Geometry of Low Dimensional Manifolds

低维流形的几何

• 批准号: 0905159
• 负责人: Claude LeBrun
• 金额: $ 85.35万
• 依托单位: SUNY at Stony Brook
• 依托单位国家: 美国
• 项目类别: Continuing Grant
• 财政年份: 2009
• 资助国家: 美国
• 起止时间: 2009-09-01 至 2013-08-31
• 项目状态: 已结题
• 来源: https://www.nsf.gov/awardsearch/showAward?AWD_ID=0905159&HistoricalAwards=false
• 关键词: Geometry; Low; Dimensional; Manifolds

Anderson and LeBrun plan to study a cluster of related geometric structures on low-dimensional manifolds. Their research program focuses on the discovery and development of fundamental connections between Riemannian geometry, differential topology, and issues in theoretical physics. Anderson will investigate problems concerning conformally compact Einstein metrics and the AdS/CFT correspondence, the structure of Einstein metrics on bounded domains and mathematical aspects of general relativity. Meanwhile, LeBrun will study the existence and moduli of canonical metrics on 4-manifolds, with an emphasis on extremal Kahler metrics, Seiberg-Witten theory, and the twistor geometry of holomorphic disks.This research program aims both to explore fundamental issues in the mathematical field of differential geometry, and simultaneously to discover new links between mathematics and theoretical physics. Much of the planned research activity takes its inspiration from current attempts to bridge the gulf separating Einstein's theory of gravitation from the quantum field theories that describe the forces of nature on a microscopic scale. Some of the research concerns the problem of describing all possible geometries of 4-dimensional universes governed by Einstein's gravitational field equations. Other aspects of the research program are intimately linked to recent developments in string theory. By also training a group of graduate students to pursue research in this area, the project will additionally help foster interactions between mathematics and physics on an immediate, human scale, through its long-term educational impact.
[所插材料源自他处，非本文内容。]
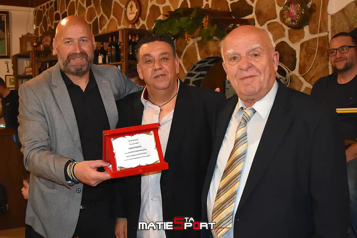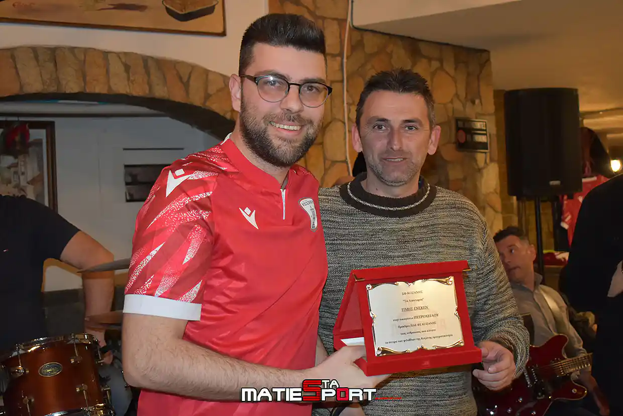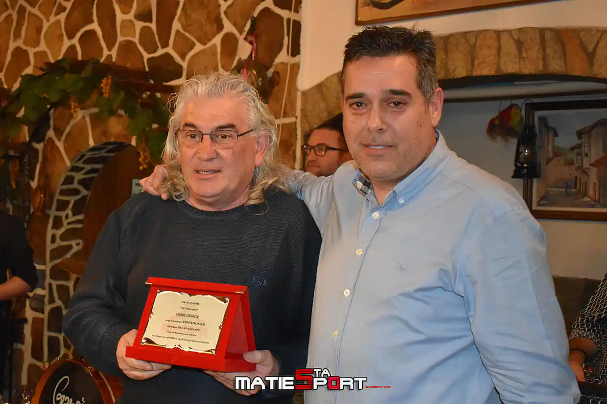 Τέλος βραβεύτηκε και ένας από τους παλαιότερους φιλάθλους της Κοζάνης που ακολουθεί την ομάδα πιστά πολλά χρόνια ο κ. Παντελής Ζήκος. Την αναμνηστική πλακέτα απένειμε ο πρώην αντιδήμαρχος και φίλαθλος της Κοζάνης κ. Μίλτος Μαγγιρίδης.

安德森和勒布朗计划研究一组低维流形上的相关几何结构。他们的研究计划侧重于发现和发展黎曼几何，微分拓扑和理论物理问题之间的基本联系。 安德森将调查问题共形紧凑爱因斯坦度量和AdS/CFT对应，结构爱因斯坦度量有界域和数学方面的广义相对论。同时，LeBrun将研究4-流形上正则度量的存在性和模，重点是极值Kahler度量，Seiberg-Witten理论和全纯圆盘的扭量几何。该研究计划旨在探索微分几何数学领域的基本问题，同时发现数学和理论物理之间的新联系。许多计划中的研究活动的灵感来自目前试图弥合爱因斯坦引力理论与量子场论之间的鸿沟，量子场论描述了微观尺度上的自然力。其中一些研究涉及描述由爱因斯坦引力场方程控制的四维宇宙的所有可能几何形状的问题。 研究计划的其他方面与弦理论的最新发展密切相关。通过培训一批研究生从事这一领域的研究，该项目还将通过其长期的教育影响，帮助促进数学和物理学之间的直接、人性化的互动。